When I ran the following two JavaScript commands...

> window.history.back(); alert("2nd");

...I was expecting the window to go to the previous page, and then display the alert. What happens is "2nd" actually pops up first, and then the window goes back. If I reverse them like this...

> alert("2nd"); window.history.back();

...the commands still execute in the same order. What don't I understand about JavaScript control flow? How would I get window.history.back(); to run first?

like image 677
popedotninja Avatar asked Oct 01 '22 04:10

popedotninja


1 Answers

Well, it makes sense that the alert is not displayed after the other page has loaded. The script is part of the loaded page, so if that would work, it would mean you could inject javascript in the previous page, which is of course undesirable.

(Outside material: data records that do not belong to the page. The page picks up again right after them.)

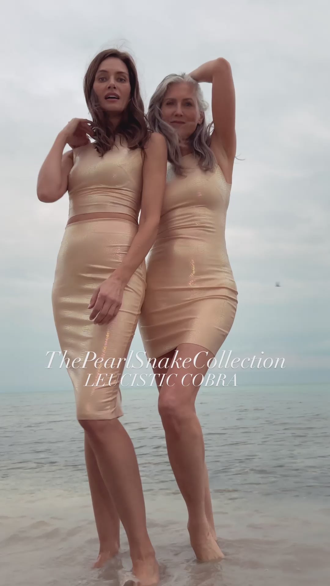 The Pearl Snake Tank Top in a chic Champagne Pearl – designed to flatter your figure effortlessly. Crafted to follow your body's natural shape while allowing for comfortable movement, it features a wide shoulder, high collar, and waist-length design, offering the perfect balance of coverage, contouring and zest.
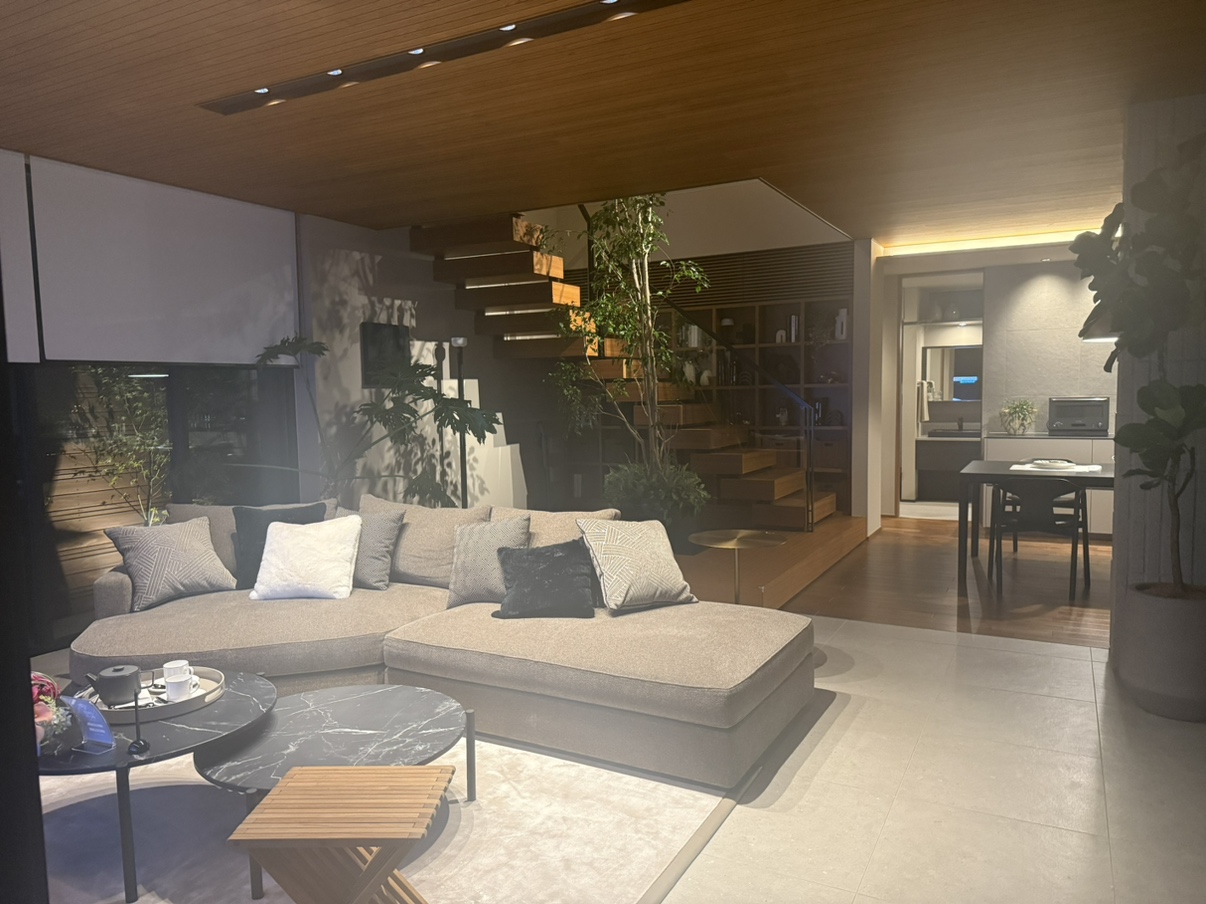 住友林業オリジナル『ビッグフレーム構法』による大開口、大空間が開放感と明るさを、ウォルナットの無垢床や木質天井を使用し木質感豊で且つ高級感のある上質な空間を実現。設計の自由度やオリジナルの収納部材等を活用し、家事効率に配慮した間取りとなっております。重量鉄骨に匹敵する圧倒的な耐震性、高耐久なご提案でメンテナンス費用も抑え、長期保証によりご家族が長く安心して快適にお住まいいただける家をご提供致します。そして、木のやすらぎとぬくもりにつつまれる心地よさで、ご家族が暮らす住まいを豊かに彩ります。
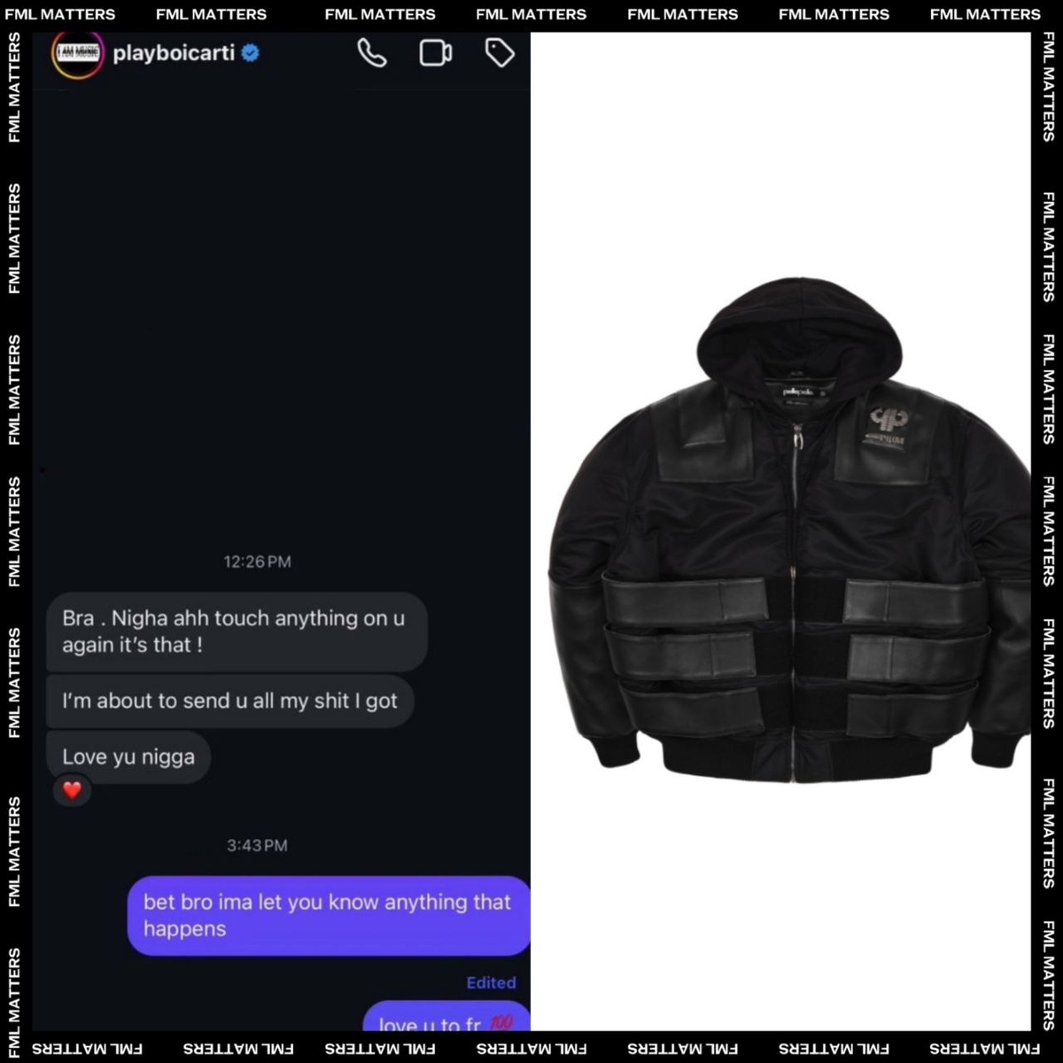 🥰 PLAYBOI CARTI ЗАСТУПИЛСЯ ЗА СВОЕГО ГЛАВНОГО ФАНАТА! На недавнем стриме у Кая Цената произошёл неприятный инцидент: Ракай напал Янг Дабо и украл его куртку от OPIUM. «Бро, если этот н*гга ещё раз прикоснется к тебе, это конец для него. Люблю тебя, н*гга», — написал Карти в личных сообщениях Дабо. Карти не только выразил поддержку, но и пообещал отправить Дабо много коллекционного мерча из своего арсенала, чтобы поддержать его после случившегося. 💀 FML MATTERS
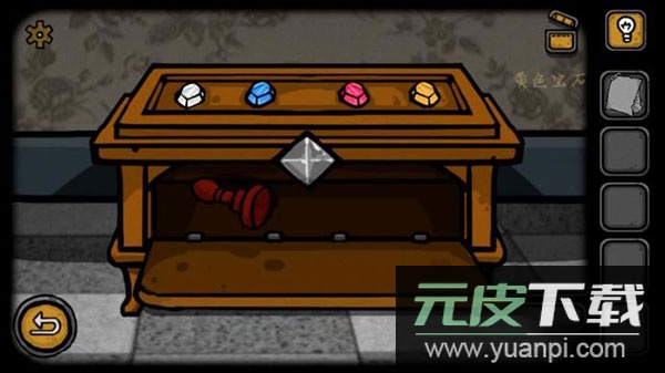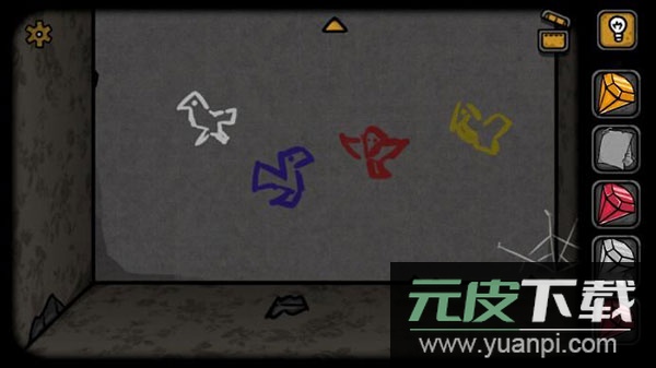 9、返回海报房间,点击地上的宝箱;依据小鸟颜色顺序排列钻石即可打开箱子,获得一枚印章。
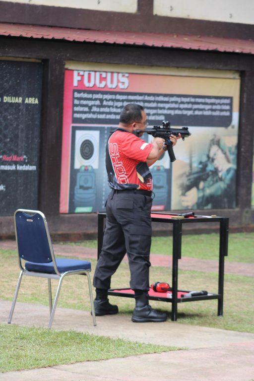 Dalam suasana santai namun tetap kompetitif, para pejabat lintas instansi saling unjuk kemampuan menembak, menjadikan arena lomba penuh semangat soliditas dan solidaritas.
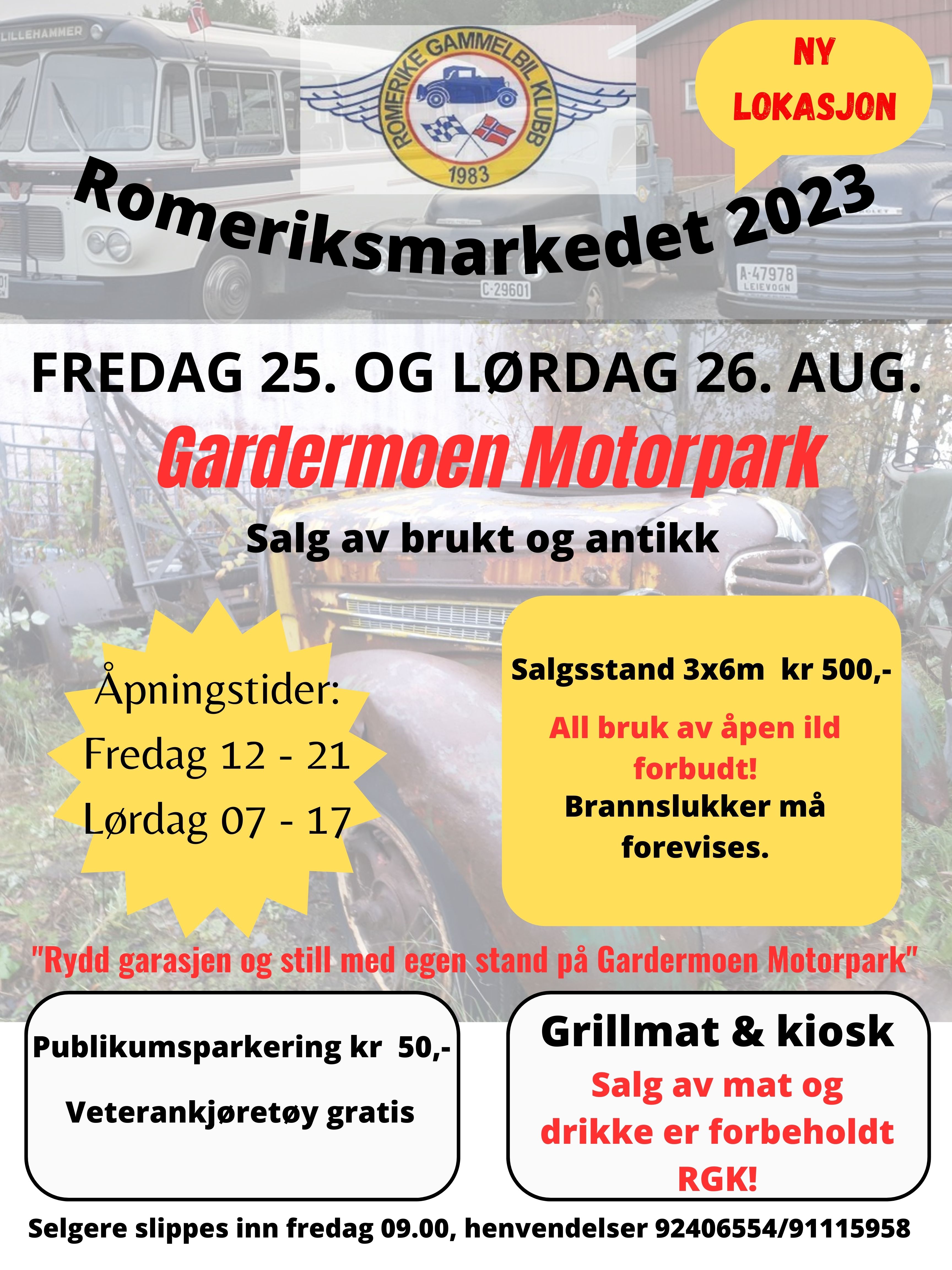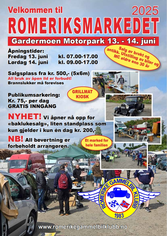 Velkommen til Romeriksmarkedet RGK 2026 ved Gardermoen Motorpark 5-6 juni 2026
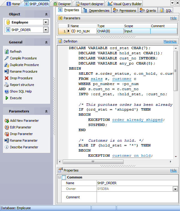 Procedure Editor allows you to execute the existing procedures or edit their definition (procedure name, parameter list, procedure body, etc.). It opens when you create a new procedure or edit the existing one (see How to edit procedure for details).
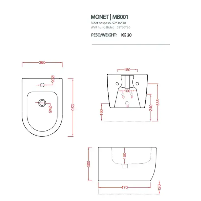 Artceram Monet Биде подвесное 36х52 см, 1 отверстие, цвет: белый
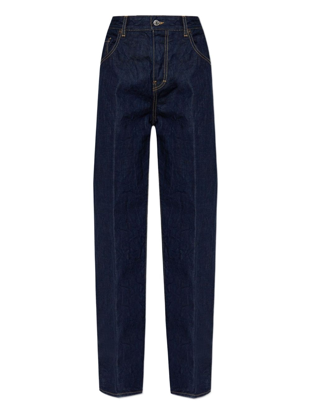 cotton jeans Highlights - Navy blue - Front button fastening - Classic five pockets - Embroidered logo - Straight leg Made in Italy Composition Cotton 100%

So as I see it, there are 3 possibilities:

  1. The back function is blocking and works immediately, navigating to a previous page, and terminate the running script. This obviously isn't happening, otherwise you wouldn't get the alert at all.
  2. The back function works immediately, but the script is only terminated when the browser has enough information to start loading the other document. This doesn't seem to be the case. If it were, the browser would probably load the document in the background while the alert is open, but that doesn't happen.
  3. The back function just signals the browser to go back, and the script keeps running until it's idle before that request is actually fulfilled. This seems to be the case. Navigation only starts when the alert is closed and the script ends. (At least in Chrome).

Anyway, if you want this to work, you'll have to call alert from the page you are navigating to.